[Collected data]

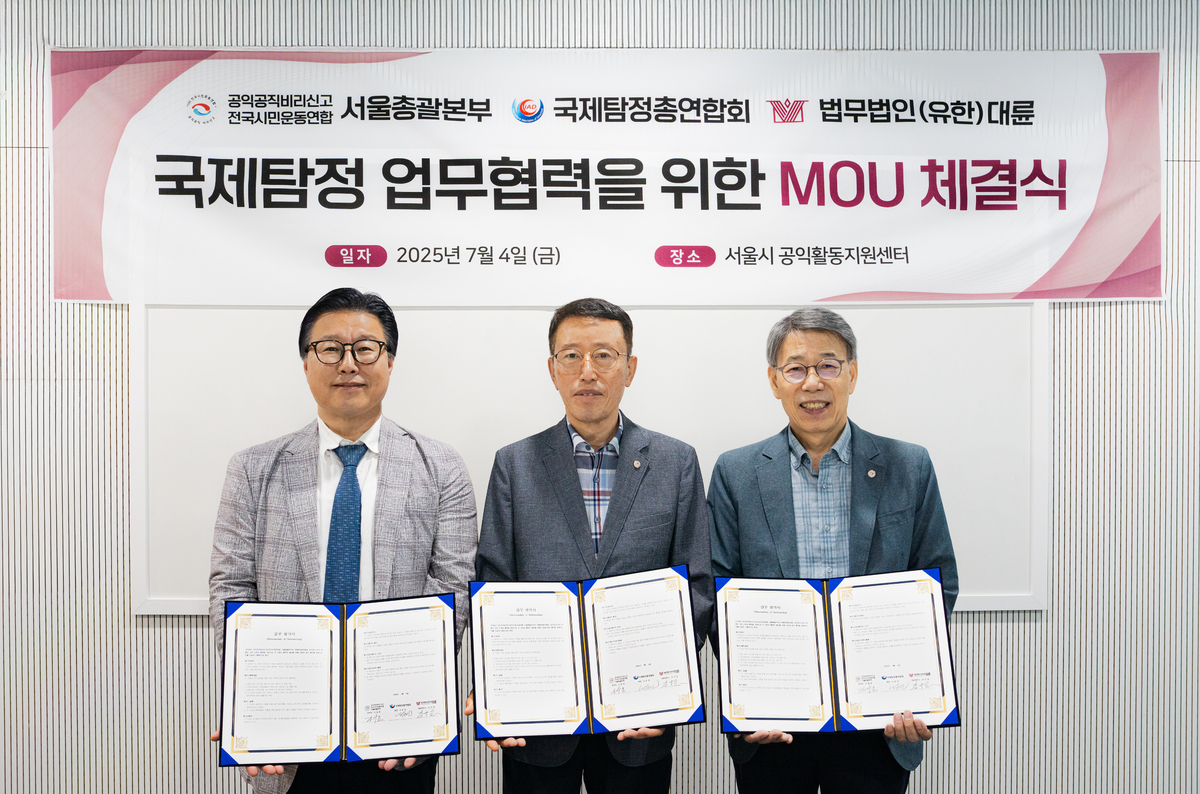 법무법인 대륜이 사단법인 공익공직비리신고전국시민운동연합(공신연)과 국제탐정총연합회와 MOU를 체결하며 공익 신고 및 조사 법률지원 체계 구축을 강화한다고 9일 밝혔다.
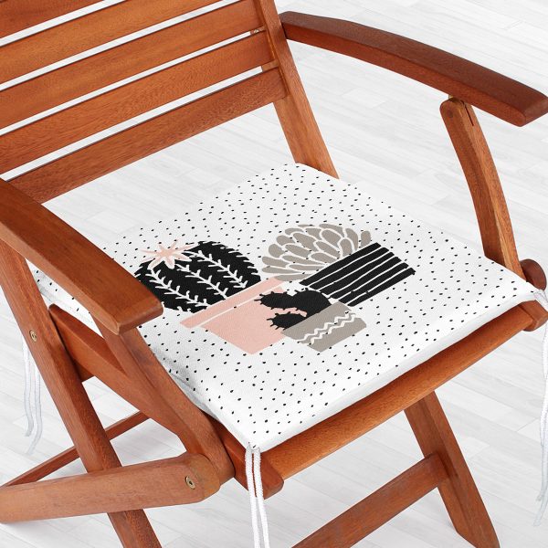 Beyaz Zemin Üzerinde Siyah Puantiyeli Kaktüs Desenli Dijital Baskılı Modern Fermuarlı Sandalye Minderi
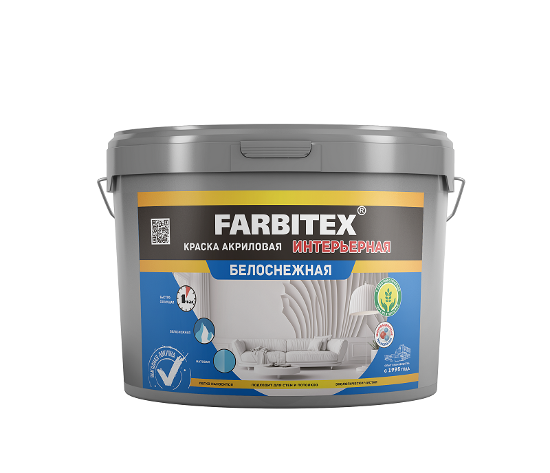 Краска в/д FARBITEX акриловая интерьерная белоснежная 6кг
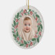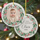 Celebrate a precious first holiday season with this cute eucalyptus Baby First Christmas photo ceramic ornament. Soft greenery accents frame your little one’s photo with a sweet, natural charm. The minimalist layout keeps the focus on your baby, while crisp print quality and a polished finish make this ornament a heartfelt keepsake or thoughtful holiday gift.
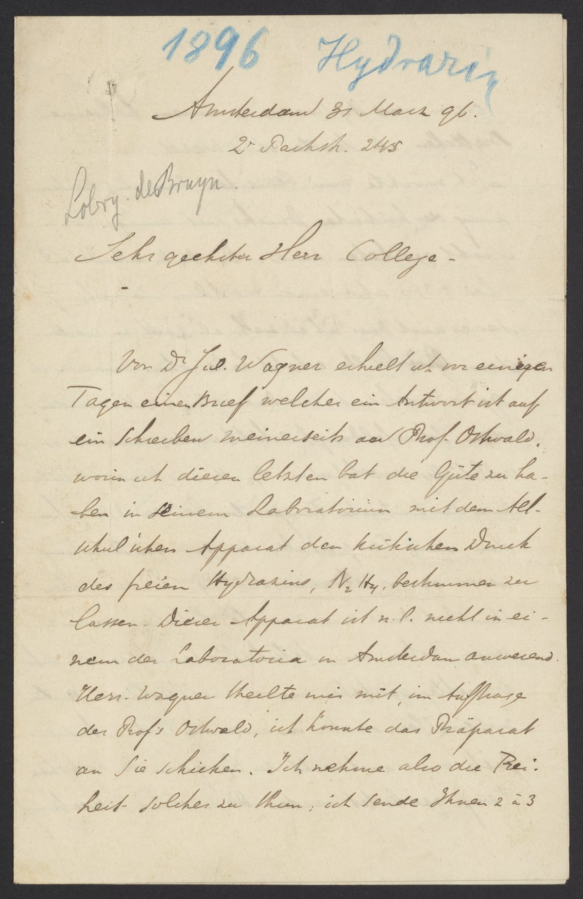 Letter from Cornelis Lobry van Troostenburg de Bruyn to a Colleague, March 1896
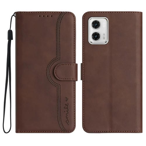 For Motorola Moto G53 / G13 / G23 Leather Phone Case Skin Feeling Heart Pattern Cover (Brown)
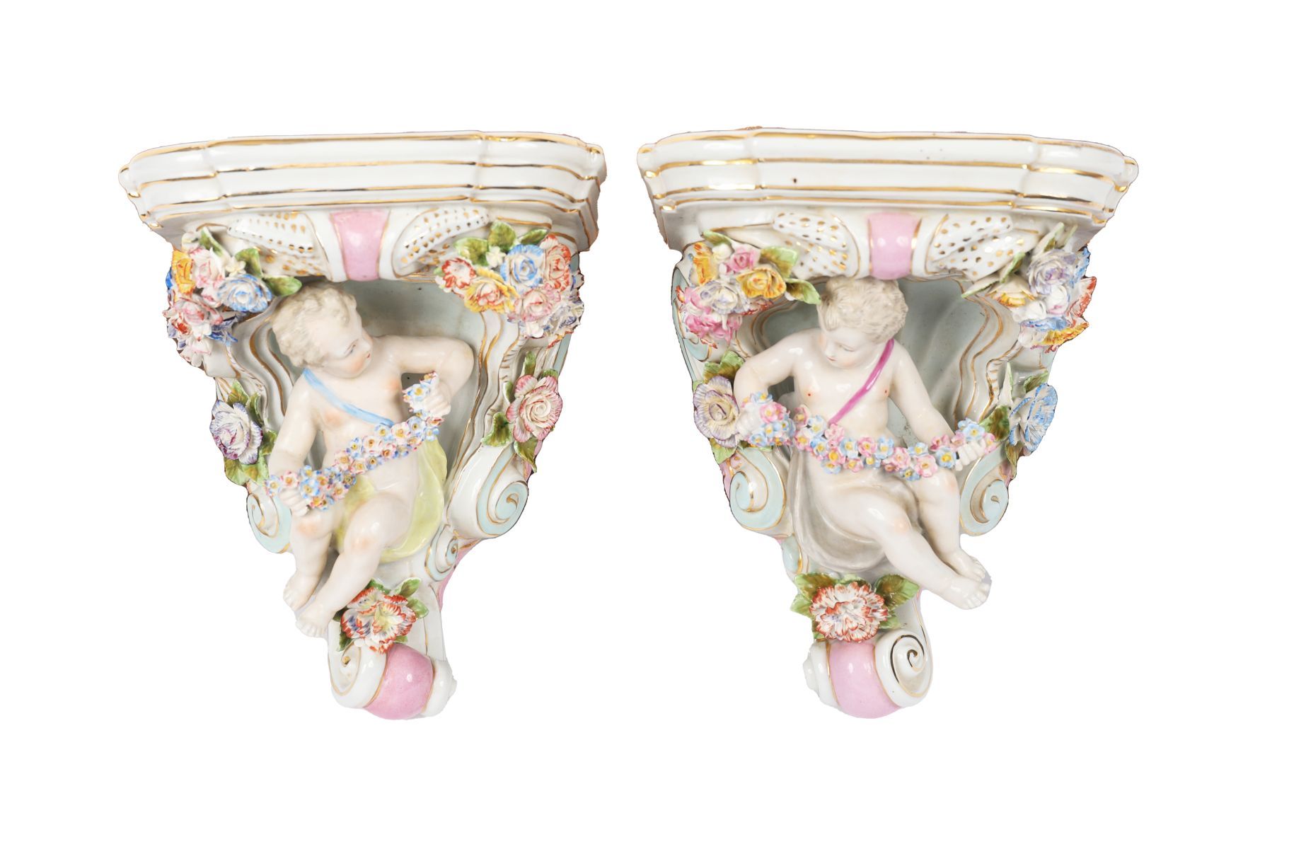Lot 356 PAIR OF 19TH-CENTURY DRESDEN PORCELAIN WALL BRACKETS

• [WHAT IS NEEDED]: Retype exactly the lines from the one containing "Letter from Cornelis" through the last line of the records above, both included, and leave out any pictures.

• [ANSWER TO THIS TASK]:
 Letter from Cornelis Lobry van Troostenburg de Bruyn to a Colleague, March 1896
 For Motorola Moto G53 / G13 / G23 Leather Phone Case Skin Feeling Heart Pattern Cover (Brown)
Lot 356 PAIR OF 19TH-CENTURY DRESDEN PORCELAIN WALL BRACKETS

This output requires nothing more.